WHAT YOU WILL DO
Each entry should be copied as it stands, leaving the pictures behind.

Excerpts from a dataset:
============================================================

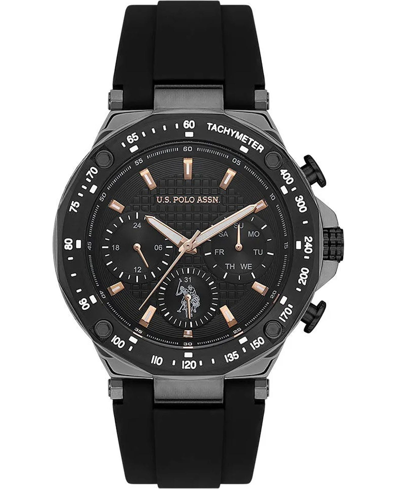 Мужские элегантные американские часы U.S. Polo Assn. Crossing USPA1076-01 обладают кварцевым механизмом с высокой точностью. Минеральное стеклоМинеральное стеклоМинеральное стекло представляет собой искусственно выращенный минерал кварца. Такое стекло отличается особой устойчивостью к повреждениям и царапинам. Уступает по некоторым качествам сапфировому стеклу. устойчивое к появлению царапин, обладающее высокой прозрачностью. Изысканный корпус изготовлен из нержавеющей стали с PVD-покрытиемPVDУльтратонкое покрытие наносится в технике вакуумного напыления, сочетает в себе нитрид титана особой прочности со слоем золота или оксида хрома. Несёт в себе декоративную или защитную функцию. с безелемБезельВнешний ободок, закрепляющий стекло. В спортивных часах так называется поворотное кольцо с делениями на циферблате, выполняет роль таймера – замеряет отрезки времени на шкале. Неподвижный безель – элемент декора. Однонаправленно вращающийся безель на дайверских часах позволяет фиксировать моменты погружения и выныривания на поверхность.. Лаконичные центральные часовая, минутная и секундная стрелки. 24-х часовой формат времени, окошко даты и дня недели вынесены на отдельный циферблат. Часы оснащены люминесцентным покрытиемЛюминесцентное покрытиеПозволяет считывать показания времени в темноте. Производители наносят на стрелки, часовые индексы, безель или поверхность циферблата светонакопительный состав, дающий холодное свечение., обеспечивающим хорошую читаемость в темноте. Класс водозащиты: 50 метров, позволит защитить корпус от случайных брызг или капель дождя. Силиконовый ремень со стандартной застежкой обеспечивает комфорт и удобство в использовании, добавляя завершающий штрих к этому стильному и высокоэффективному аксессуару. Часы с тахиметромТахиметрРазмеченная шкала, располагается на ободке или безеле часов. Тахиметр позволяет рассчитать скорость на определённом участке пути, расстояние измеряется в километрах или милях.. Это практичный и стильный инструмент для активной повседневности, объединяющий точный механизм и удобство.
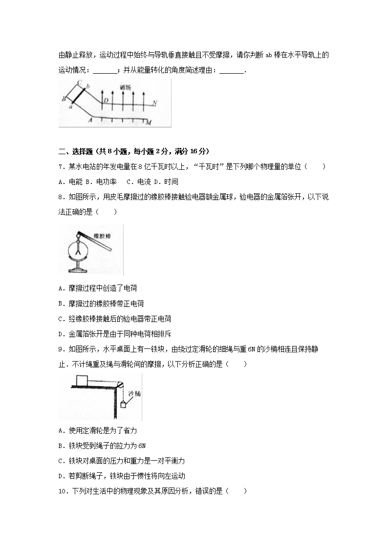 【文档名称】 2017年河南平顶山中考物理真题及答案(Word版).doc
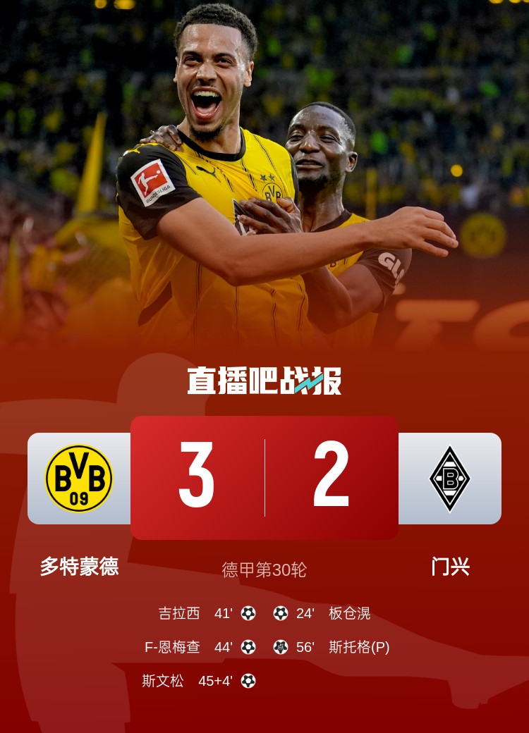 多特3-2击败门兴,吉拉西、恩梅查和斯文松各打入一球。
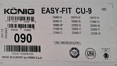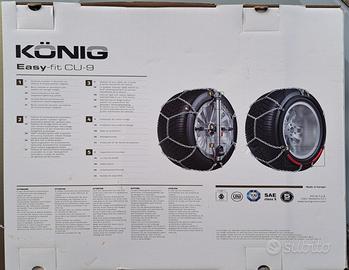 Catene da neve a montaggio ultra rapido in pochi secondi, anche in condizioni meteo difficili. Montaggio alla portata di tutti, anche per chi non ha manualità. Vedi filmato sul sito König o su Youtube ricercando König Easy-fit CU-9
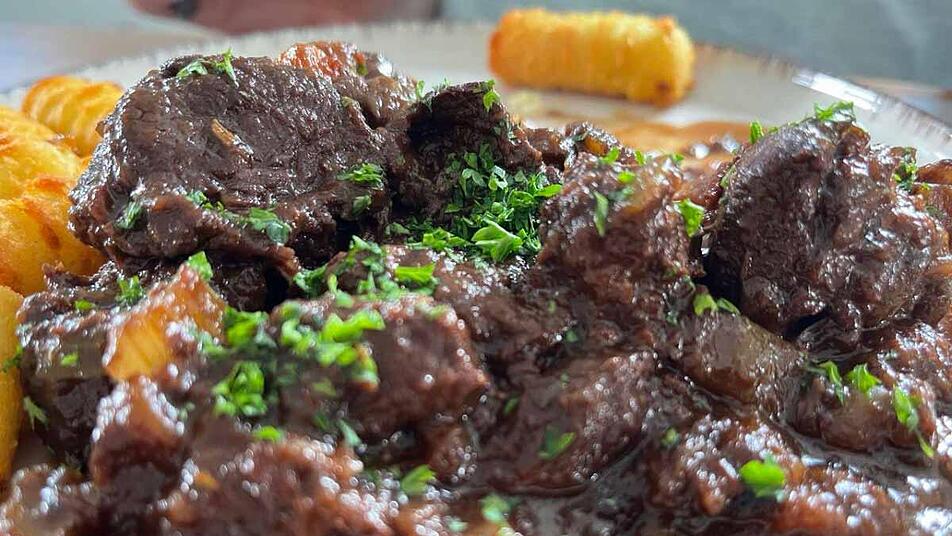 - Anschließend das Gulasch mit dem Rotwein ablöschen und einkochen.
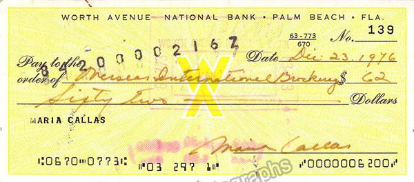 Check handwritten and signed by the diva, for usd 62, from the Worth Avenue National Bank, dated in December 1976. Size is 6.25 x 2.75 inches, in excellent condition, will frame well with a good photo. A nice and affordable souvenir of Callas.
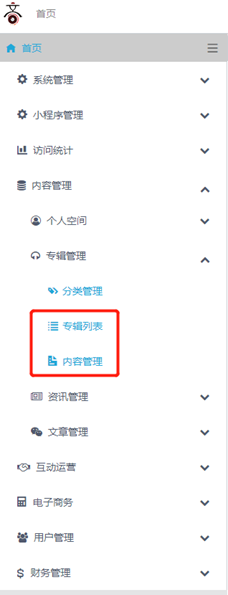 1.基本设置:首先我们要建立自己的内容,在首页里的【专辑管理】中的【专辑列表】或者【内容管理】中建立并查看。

============================================================

TASK RESPONSE
 Мужские элегантные американские часы U.S. Polo Assn. Crossing USPA1076-01 обладают кварцевым механизмом с высокой точностью. Минеральное стеклоМинеральное стеклоМинеральное стекло представляет собой искусственно выращенный минерал кварца. Такое стекло отличается особой устойчивостью к повреждениям и царапинам. Уступает по некоторым качествам сапфировому стеклу. устойчивое к появлению царапин, обладающее высокой прозрачностью. Изысканный корпус изготовлен из нержавеющей стали с PVD-покрытиемPVDУльтратонкое покрытие наносится в технике вакуумного напыления, сочетает в себе нитрид титана особой прочности со слоем золота или оксида хрома. Несёт в себе декоративную или защитную функцию. с безелемБезельВнешний ободок, закрепляющий стекло. В спортивных часах так называется поворотное кольцо с делениями на циферблате, выполняет роль таймера – замеряет отрезки времени на шкале. Неподвижный безель – элемент декора. Однонаправленно вращающийся безель на дайверских часах позволяет фиксировать моменты погружения и выныривания на поверхность.. Лаконичные центральные часовая, минутная и секундная стрелки. 24-х часовой формат времени, окошко даты и дня недели вынесены на отдельный циферблат. Часы оснащены люминесцентным покрытиемЛюминесцентное покрытиеПозволяет считывать показания времени в темноте. Производители наносят на стрелки, часовые индексы, безель или поверхность циферблата светонакопительный состав, дающий холодное свечение., обеспечивающим хорошую читаемость в темноте. Класс водозащиты: 50 метров, позволит защитить корпус от случайных брызг или капель дождя. Силиконовый ремень со стандартной застежкой обеспечивает комфорт и удобство в использовании, добавляя завершающий штрих к этому стильному и высокоэффективному аксессуару. Часы с тахиметромТахиметрРазмеченная шкала, располагается на ободке или безеле часов. Тахиметр позволяет рассчитать скорость на определённом участке пути, расстояние измеряется в километрах или милях.. Это практичный и стильный инструмент для активной повседневности, объединяющий точный механизм и удобство.
 【文档名称】 2017年河南平顶山中考物理真题及答案(Word版).doc
 多特3-2击败门兴,吉拉西、恩梅查和斯文松各打入一球。
 Catene da neve a montaggio ultra rapido in pochi secondi, anche in condizioni meteo difficili. Montaggio alla portata di tutti, anche per chi non ha manualità. Vedi filmato sul sito König o su Youtube ricercando König Easy-fit CU-9
 - Anschließend das Gulasch mit dem Rotwein ablöschen und einkochen.
 Check handwritten and signed by the diva, for usd 62, from the Worth Avenue National Bank, dated in December 1976. Size is 6.25 x 2.75 inches, in excellent condition, will frame well with a good photo. A nice and affordable souvenir of Callas.
 1.基本设置:首先我们要建立自己的内容,在首页里的【专辑管理】中的【专辑列表】或者【内容管理】中建立并查看。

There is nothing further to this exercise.